The total space complexity of the algorithm is then given through the recurrence relation T(n) = 4·T(n/4) + O(n · s(n)). This would give T(n) ∈ Θ(n · s(n)) for either choice for s(n).
Writing down the algorithm would be extremely tedious, so I'll not do that here. However, the signature of the recursive solver would be:
solve_quadrant(grid: int[n, n],
x_start: int, x_end: int,
y_start: int, y_end: int,
upper_edge: Result[],
right_edge: Result[])
-> (left_edge: Result[], lower_edge: Result[])
And the top-level invocation would be:
solve(grid: int[n, n]) -> Result {
left_edge, lower_edge = solve_quadrant(grid, 0, n, 0, n, {0, ..., 0}, {0, ..., 0})
return lower_edge[0] // assuming bottom-left is at coordinate (0, 0)
}
Since the divide-and-conquer algorithm has to satisfy the same data dependencies as a dynamic programming solution, it is unlikely to beat the DP solution with space complexity Θ(n · s(n)). In fact, the complexities of the “divide & conquer” algo and the DP algo are equivalent, since they do the same thing the same way – only the strategy for subdivision is different. However, the DP solution is far easier to program since it doesn't have to consider as many edge conditions.
Best Answer
In the classic version(k = 1, solve for best path), the key insight used is as follows.
1) In computing best path for cell (i, j) (best[i][j] is the cost of best path from top-left to (i, j)), we notice that this path could either come from it's left or upper neighbor. Thus we do (leaving aside corner cases for a moment)
2) Now, if we want to compute k best paths from top-left corner to (i, j), we can again follow a similar, but more general technique.
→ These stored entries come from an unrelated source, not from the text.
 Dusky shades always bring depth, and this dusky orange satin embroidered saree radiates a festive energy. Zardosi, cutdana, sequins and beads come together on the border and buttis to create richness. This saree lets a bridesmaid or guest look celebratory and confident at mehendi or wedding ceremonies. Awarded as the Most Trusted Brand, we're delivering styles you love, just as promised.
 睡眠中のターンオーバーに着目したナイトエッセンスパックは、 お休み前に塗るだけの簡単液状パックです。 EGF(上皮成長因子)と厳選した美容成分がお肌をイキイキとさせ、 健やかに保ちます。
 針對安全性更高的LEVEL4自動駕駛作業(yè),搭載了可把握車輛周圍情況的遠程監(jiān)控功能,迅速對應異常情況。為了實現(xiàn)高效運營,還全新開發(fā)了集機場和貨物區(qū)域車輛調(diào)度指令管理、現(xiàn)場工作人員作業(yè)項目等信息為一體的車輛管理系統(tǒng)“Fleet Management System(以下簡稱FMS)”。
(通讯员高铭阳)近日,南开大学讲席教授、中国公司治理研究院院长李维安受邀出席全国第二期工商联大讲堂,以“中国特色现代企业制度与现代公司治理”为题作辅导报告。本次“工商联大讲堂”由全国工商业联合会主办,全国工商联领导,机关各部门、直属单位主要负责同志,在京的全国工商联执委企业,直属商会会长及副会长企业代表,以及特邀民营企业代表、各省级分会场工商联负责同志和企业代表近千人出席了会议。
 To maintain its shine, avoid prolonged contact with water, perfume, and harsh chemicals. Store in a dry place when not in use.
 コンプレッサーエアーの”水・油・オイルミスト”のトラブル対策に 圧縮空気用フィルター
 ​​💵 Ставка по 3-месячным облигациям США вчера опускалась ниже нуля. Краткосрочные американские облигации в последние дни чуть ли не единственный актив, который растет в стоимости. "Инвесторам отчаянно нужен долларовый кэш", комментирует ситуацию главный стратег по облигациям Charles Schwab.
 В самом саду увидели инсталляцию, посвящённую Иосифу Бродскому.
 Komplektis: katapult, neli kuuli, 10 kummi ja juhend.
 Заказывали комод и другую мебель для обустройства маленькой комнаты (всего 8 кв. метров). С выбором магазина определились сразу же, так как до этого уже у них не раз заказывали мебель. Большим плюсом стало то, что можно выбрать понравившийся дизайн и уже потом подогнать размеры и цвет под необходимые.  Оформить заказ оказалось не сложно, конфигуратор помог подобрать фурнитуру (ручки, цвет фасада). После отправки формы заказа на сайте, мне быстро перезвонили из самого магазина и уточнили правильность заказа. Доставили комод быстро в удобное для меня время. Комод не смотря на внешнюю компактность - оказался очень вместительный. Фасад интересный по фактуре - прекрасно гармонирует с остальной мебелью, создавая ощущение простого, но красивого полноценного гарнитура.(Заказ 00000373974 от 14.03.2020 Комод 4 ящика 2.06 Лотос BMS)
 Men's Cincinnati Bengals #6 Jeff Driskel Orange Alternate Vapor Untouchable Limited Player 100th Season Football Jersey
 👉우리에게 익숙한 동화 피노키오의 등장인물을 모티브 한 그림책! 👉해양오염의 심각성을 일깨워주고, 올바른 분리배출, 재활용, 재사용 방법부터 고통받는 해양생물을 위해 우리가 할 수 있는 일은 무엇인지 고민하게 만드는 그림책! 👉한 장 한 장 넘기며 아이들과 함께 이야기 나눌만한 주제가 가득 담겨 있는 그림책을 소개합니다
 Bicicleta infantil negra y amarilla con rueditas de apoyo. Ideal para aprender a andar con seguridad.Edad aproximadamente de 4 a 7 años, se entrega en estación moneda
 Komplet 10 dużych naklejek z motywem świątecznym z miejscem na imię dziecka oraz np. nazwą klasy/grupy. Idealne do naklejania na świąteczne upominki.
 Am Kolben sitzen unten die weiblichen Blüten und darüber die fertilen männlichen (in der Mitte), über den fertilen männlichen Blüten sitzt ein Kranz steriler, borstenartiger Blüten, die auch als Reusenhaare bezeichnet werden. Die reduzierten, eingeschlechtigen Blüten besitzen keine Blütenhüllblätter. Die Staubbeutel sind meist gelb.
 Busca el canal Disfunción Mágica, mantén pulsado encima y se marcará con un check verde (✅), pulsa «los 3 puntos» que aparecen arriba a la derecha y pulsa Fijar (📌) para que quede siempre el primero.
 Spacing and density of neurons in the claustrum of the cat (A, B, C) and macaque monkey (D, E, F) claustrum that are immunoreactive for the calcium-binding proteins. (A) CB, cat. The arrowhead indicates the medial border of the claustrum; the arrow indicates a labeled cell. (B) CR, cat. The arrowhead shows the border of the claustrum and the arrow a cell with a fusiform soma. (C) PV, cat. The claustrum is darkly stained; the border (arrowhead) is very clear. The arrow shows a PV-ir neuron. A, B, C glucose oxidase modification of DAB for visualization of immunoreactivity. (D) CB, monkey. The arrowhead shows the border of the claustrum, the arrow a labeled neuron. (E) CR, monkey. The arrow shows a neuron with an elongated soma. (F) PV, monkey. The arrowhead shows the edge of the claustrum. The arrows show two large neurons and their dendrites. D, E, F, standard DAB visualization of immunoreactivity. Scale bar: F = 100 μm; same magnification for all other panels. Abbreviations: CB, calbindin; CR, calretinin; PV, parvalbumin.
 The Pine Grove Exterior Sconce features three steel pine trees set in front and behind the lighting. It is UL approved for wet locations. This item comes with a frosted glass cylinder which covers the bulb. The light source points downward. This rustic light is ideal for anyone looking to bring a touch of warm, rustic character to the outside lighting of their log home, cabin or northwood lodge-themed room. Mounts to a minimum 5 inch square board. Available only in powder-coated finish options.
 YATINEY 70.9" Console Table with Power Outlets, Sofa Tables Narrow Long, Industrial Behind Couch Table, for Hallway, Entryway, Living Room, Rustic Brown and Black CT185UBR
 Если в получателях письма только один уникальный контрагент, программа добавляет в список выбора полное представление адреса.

Here, best[i][j] can be thought of as a list of k best paths instead of one best path.
merge_and_select_k takes two input lists, an integer k - It concatenates the two lists and keeps only the k best values. Of course, you must also add value[i][j] to all these selected items.
3) Loop over the matrix, just like in the classic version and compute best[i][j] for every i and j. Your final result is best[n][n][k].
4) This works because, we only need to consider best[i-1][j] and best[i][j-1] for computing best[i][j]. Time complexity is O(k * n * n) and space complexity is O(k * n), as we only need keep the values for current and previous rows.